Background: Central venous catheter (CVC) placement is a technically challenging skill. Routine assessment tools, including checklists and global rating scales, require subjective expert evaluation. We hypothesized that motion analysis could be used to objectively assess skill retention in CVC placement by comparing the performance of anesthesiology residents immediately after training and 7 months later.

Methods: After learning to perform CVC placement on a mannikin, 12 first-year anesthesiology residents each performed a "baseline" trial with electromagnetic motion sensors on the dorsum of their dominant hand and base of their ultrasound probe. Seven months later, they each performed a "follow-up" mannikin trial with an identical setup. For each trial, sensors recorded participants' path length, translational motions, and rotational sum. Time was recorded for each trial as well. We defined skill retention as performance within 1 standard deviation or less of the entire cohort's average at baseline (threshold). We compared the number of residents who met the threshold, which indicated less excessive motion and therefore better performance, at baseline with the number at follow-up using McNemar's test across each metric for each sensor.

Results: For path length, translational motions, and rotational sum of the probe, significantly more residents met the threshold at baseline than at follow-up (P < .04). No significant differences were detected for any metrics of the dorsum or time.
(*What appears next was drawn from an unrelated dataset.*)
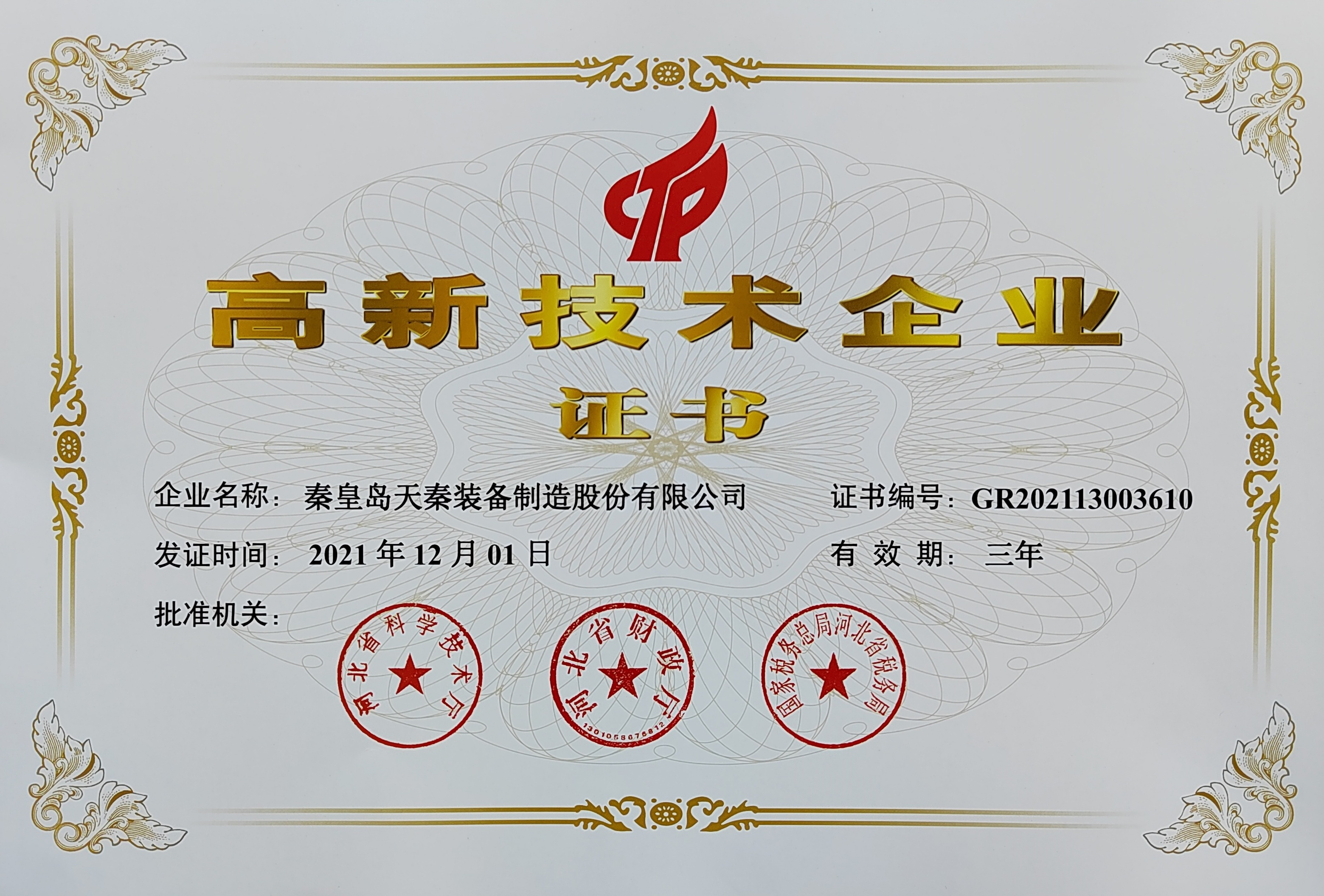• 秦皇島天秦裝備制造股份有限公司創(chuàng)立于1996年,總部位于河北省秦皇島市經(jīng)濟技術(shù)開發(fā)區(qū),秦皇島廠區(qū)占地4萬平方米,擁有3萬平方米的標準廠房、辦公樓和工程技術(shù)研發(fā)中心;分部天津廠區(qū)位于天津市靜海經(jīng)濟開發(fā)區(qū),占地2萬平方米,擁有1.6萬平方米標準廠房。 公司通過了GB/T 19001質(zhì)量管理體系及GB/T 24001環(huán)境管理體系認證,是國家高新技術(shù)企業(yè)、河北省軍民融合產(chǎn)學研用創(chuàng)建基地,建有省級院士工作站。

Conclusions: Motion analysis can objectively assess skill decay in anesthesiology residents performing CVC placement. Residents exhibited skill retention in tasks involving their dominant hand and skill decay in tasks involving the ultrasound probe (nondominant hand).
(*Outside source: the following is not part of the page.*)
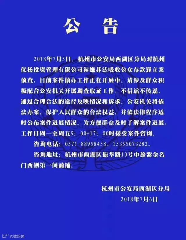 7月6日,杭州市公安局西湖区分局发布微博:对杭州优杨投资非法吸取公众存款罪立案侦查。平台累计交易额34.6亿元,用户98万人。

目的评估训练后7个月的技能保留:中心静脉置管的运动分析。
背景:中心静脉导管(CVC)的放置是一项具有挑战性的技术。常规评估工具,包括检查清单和全球评级量表,需要主观的专家评估。我们假设,通过比较麻醉科住院医师在培训后和7个月后的表现,运动分析可以客观地评估CVC安置中的技能保留。方法:在学习如何在人体模型上放置CVC后,12名一年级麻醉学住院医师分别在其惯用手的背部和超声探头的底部使用电磁运动传感器进行了“基线”试验。七个月后,他们每个人都用相同的设置进行了一次“后续”人体模型试验。对于每个试验,传感器记录参与者的路径长度、平移运动和旋转总和。同时记录每次试验的时间。我们将技能留存定义为在基线(阈值)下整个队列平均水平的1个标准差以内的表现。我们使用McNemar的测试对每个传感器的每个指标进行了测试,比较了基线时达到阈值的居民人数,这表明过度运动较少,因此表现更好。结果:对于路径长度、平移运动和探针旋转总和,基线时达到阈值的居民明显多于随访时(P < .04)。在背侧或时间的任何指标上均未检测到显著差异。结论:运动分析可以客观评估麻醉住院医师进行CVC置入时的技能衰退。居民在涉及惯用手的任务中表现出技能保留,而在涉及超声探头(非惯用手)的任务中表现出技能衰退。
本文章由计算机程序翻译,如有差异,请以英文原文为准。